* TASK ITEM
Nothing but the lines below from the one that contains "Cartel del nuevo taller" through the one that contains "Bilde 5 - Nødstop for Bandyanlegg" should be retyped, exactly and including both ends. Do not include pictures.

* DATA FOR REVIEW
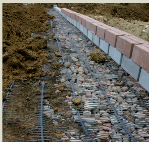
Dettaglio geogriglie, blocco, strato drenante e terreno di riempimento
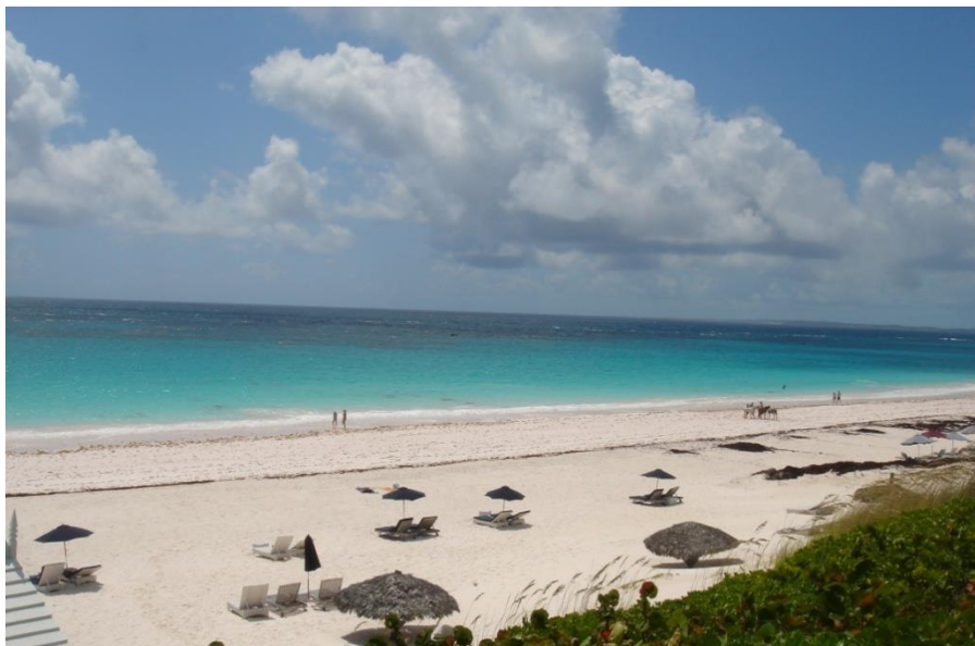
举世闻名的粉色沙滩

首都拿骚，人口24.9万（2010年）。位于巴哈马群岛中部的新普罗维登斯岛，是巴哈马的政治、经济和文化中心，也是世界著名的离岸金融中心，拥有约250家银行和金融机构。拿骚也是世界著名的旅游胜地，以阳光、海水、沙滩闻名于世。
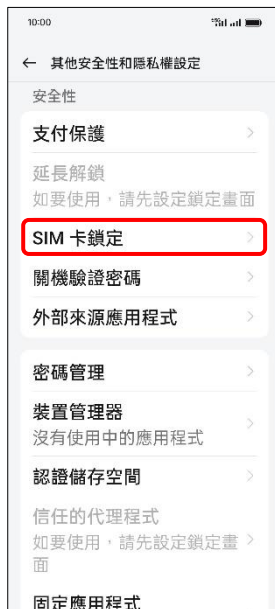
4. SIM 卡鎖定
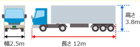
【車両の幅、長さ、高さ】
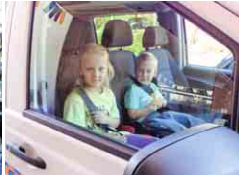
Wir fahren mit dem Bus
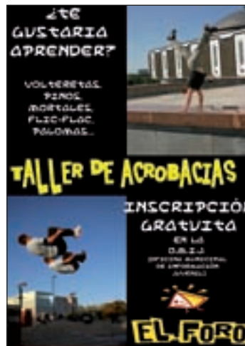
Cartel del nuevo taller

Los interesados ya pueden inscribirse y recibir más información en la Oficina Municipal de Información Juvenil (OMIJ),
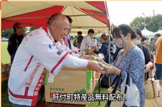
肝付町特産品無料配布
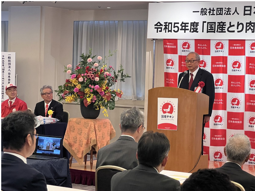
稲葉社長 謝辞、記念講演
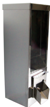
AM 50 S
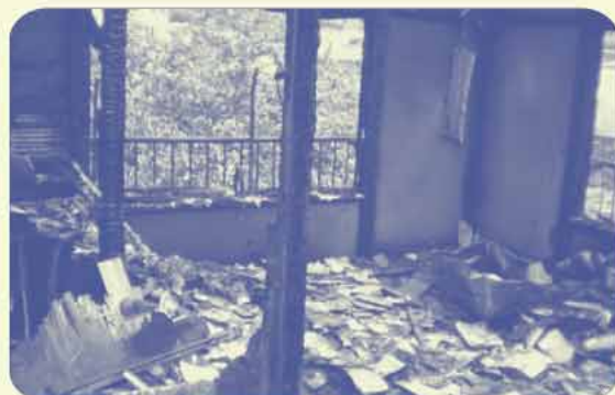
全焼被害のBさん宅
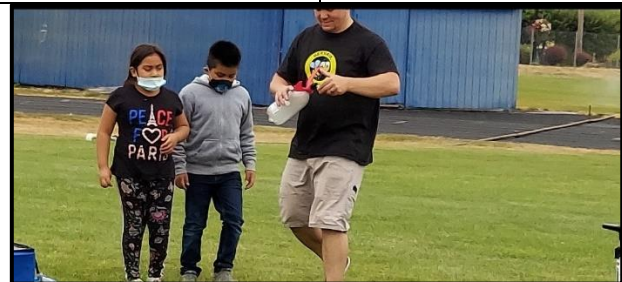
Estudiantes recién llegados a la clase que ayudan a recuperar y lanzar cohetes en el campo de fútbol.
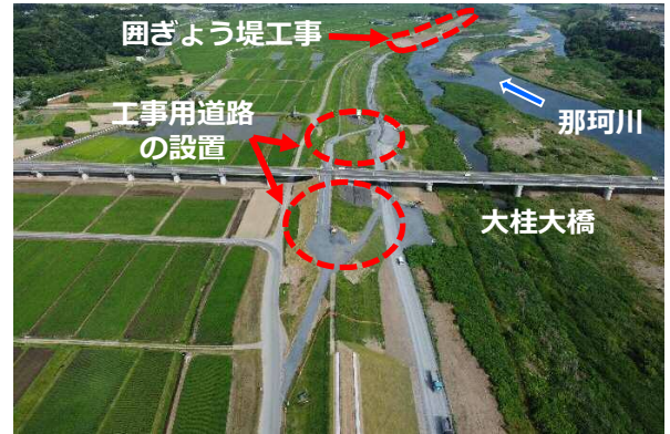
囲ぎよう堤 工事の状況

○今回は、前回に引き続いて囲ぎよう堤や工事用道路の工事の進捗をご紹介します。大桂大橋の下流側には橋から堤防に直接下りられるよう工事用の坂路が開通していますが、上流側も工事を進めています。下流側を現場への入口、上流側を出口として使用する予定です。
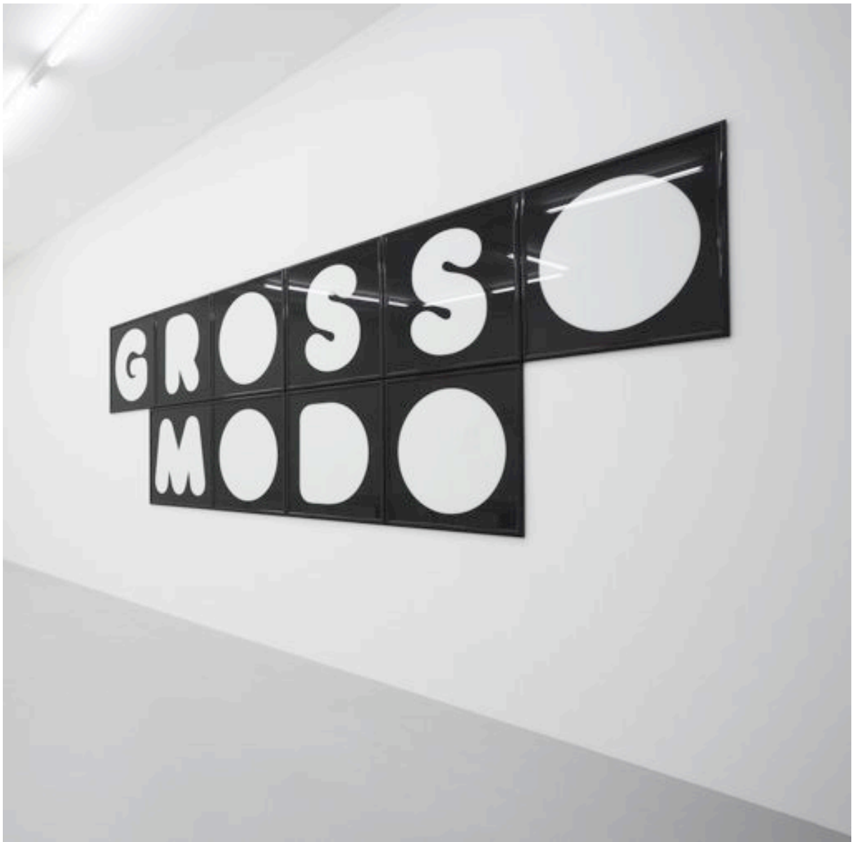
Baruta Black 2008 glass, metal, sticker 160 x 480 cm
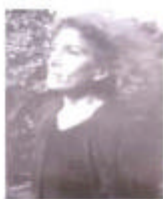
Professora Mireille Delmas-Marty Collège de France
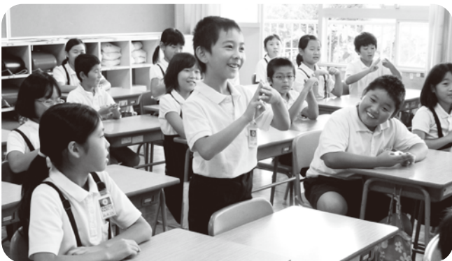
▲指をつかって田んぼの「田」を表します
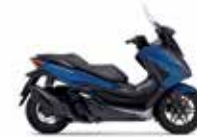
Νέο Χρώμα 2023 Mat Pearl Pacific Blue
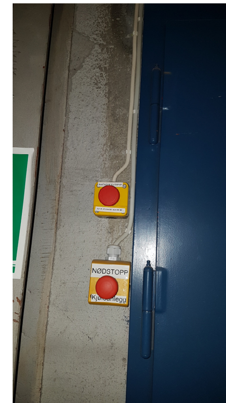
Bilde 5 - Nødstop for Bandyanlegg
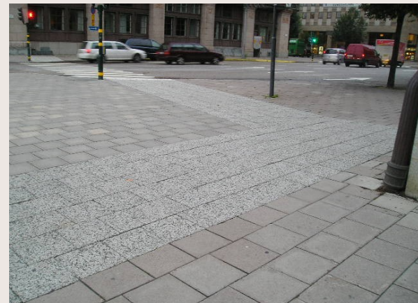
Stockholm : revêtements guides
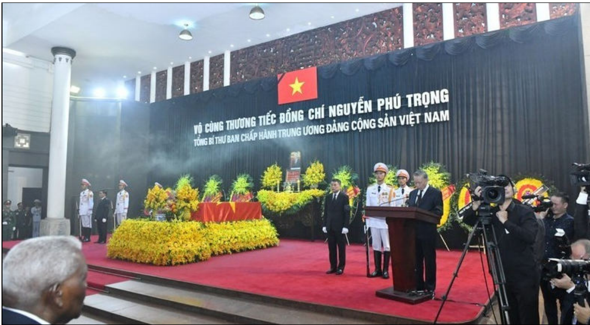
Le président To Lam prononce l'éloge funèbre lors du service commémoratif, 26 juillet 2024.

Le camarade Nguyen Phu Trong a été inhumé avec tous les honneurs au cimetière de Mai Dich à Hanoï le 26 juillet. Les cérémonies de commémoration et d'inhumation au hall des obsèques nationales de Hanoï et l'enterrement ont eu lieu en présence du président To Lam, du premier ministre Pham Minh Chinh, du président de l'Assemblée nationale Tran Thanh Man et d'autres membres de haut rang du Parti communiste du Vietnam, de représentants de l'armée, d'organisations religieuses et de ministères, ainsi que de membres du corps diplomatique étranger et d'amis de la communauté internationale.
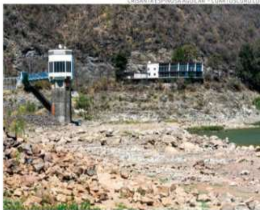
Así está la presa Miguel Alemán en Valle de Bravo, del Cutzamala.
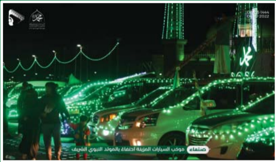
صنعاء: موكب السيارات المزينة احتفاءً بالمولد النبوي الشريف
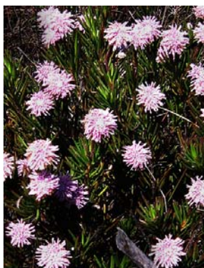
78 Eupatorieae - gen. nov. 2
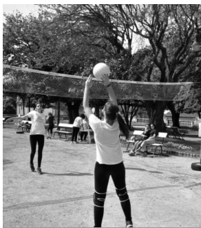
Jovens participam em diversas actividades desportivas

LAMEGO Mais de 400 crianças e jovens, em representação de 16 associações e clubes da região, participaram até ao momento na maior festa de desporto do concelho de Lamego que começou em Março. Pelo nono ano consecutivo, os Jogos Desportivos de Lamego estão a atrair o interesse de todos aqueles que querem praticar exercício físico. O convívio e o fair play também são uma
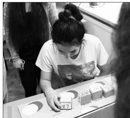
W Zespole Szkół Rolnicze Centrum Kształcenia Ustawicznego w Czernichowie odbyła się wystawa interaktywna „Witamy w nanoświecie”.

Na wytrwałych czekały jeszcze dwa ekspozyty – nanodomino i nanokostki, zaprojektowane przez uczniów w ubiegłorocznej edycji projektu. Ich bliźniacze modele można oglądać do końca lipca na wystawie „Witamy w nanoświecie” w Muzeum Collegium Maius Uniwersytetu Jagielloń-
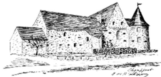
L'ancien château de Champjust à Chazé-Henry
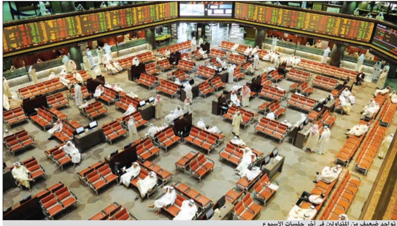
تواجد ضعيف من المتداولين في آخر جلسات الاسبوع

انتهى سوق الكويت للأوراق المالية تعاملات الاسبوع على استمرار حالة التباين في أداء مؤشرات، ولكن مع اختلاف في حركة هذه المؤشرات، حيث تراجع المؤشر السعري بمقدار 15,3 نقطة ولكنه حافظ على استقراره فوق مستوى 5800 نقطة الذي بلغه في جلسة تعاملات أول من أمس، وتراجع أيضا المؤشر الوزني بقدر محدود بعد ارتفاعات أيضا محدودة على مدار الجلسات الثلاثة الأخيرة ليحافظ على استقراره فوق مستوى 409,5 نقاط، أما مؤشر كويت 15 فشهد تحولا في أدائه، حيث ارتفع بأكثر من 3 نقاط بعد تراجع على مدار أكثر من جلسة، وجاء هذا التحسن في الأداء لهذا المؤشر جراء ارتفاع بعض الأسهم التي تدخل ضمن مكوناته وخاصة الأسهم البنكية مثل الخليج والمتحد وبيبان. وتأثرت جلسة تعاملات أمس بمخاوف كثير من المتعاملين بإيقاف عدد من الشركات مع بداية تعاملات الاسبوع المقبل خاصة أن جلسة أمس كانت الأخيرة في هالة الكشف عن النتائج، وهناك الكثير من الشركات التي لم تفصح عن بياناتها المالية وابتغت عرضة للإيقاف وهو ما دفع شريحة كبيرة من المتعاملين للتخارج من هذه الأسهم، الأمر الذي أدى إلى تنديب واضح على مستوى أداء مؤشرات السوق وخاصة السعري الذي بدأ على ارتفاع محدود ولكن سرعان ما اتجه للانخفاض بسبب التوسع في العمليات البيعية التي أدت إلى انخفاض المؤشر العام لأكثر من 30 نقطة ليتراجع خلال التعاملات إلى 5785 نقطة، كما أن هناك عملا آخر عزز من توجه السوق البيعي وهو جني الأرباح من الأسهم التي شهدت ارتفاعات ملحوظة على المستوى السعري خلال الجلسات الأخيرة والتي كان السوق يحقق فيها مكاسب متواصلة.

* RESULT OF THIS EXERCISE
Cartel del nuevo taller

Los interesados ya pueden inscribirse y recibir más información en la Oficina Municipal de Información Juvenil (OMIJ),
肝付町特産品無料配布
稲葉社長 謝辞、記念講演
AM 50 S
全焼被害のBさん宅
Estudiantes recién llegados a la clase que ayudan a recuperar y lanzar cohetes en el campo de fútbol.
囲ぎよう堤 工事の状況

○今回は、前回に引き続いて囲ぎよう堤や工事用道路の工事の進捗をご紹介します。大桂大橋の下流側には橋から堤防に直接下りられるよう工事用の坂路が開通していますが、上流側も工事を進めています。下流側を現場への入口、上流側を出口として使用する予定です。
Baruta Black 2008 glass, metal, sticker 160 x 480 cm
Professora Mireille Delmas-Marty Collège de France
▲指をつかって田んぼの「田」を表します
Νέο Χρώμα 2023 Mat Pearl Pacific Blue
Bilde 5 - Nødstop for Bandyanlegg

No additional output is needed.